Moreover, the ECJ held that the court in the Member State in which enforcement is sought, is bound by the finding of the first court – made in the grounds of a judgment, which has since become final, declaring the action inadmissible – regarding the validity of that clause. To justify its finding, it refers in principle to the very definition of recognition as highlighted in the Report Jenard: recognition must ‘have the result of conferring on judgments the authority and effectiveness accorded to them in the State in which they were given’. Accordingly, a foreign judgment which has been recognised under Article 33 of Regulation No 44/2001 must in principle have the same effects in the State in which recognition is sought as it does in the State of origin. It further emphasizes the same arguments as flagged by the AG in coming to its finding.
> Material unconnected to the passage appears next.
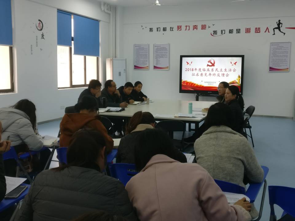 2019年12月2日,臨床醫(yī)學(xué)系黨總支在實(shí)訓(xùn)樓401會(huì)議室召開2018年度民主生活會(huì)征求意見年終反饋會(huì)。全系教職工參加了本次反饋會(huì)。會(huì)議由黨總支負(fù)責(zé)人陳俊穎主持。

On the peculiarity that in the case at issue, the choice of court clause points way from the EU, which raises the question what effect can be given to such clauses under the Jurisdiction Regulation, the court concedes that Article 23 does not apply, however, like the AG, it refers to the Lugano Convention, which contains a proviso very much like Article 23 JR. That to me is a bit of an awkward finding: whether the choice of court clause points to a Lugano State or not ought to be irrelevant. It would, through the recognition process, make choice of court in favour of Lugano States in some way less ‘not covered’ by the JR than those pointing to non-Lugano States (and by flagging Lugano, the Court leaves open the question of jurisdiction clauses in favour of non-Lugano States). A further argument made by the court in my view is more convincing, namely the ‘but for’ argument:

To allow a court of the Member State in which recognition is sought to disregard, as devoid of effect, the jurisdiction clause which a court of the Member State of origin has held to be valid would run counter to that prohibition of a review as to the merits, particularly in circumstances where the latter might well have ruled, but for that clause, that it had jurisdiction. (at 38)

Indeed typically the action in the court of origin is taken by the recalcitrant party (i.e. the one acting in spite of a choice of court clause), trying to convince the court of origin that it has jurisdiction on the basis of another Article in the JR, Whence indeed but for the clause, that court would most likely have exercised jurisdiction. A finding of validity of the clause therefore is likely to have been seriously considered. Allowing a court in another Member State to nevertheless exercise jurisdiction and refusing recognition and enforcement,  would make the JR nugatory.  This is in my view no different where as a result (such as here) no court in the EU will be able to hear the case.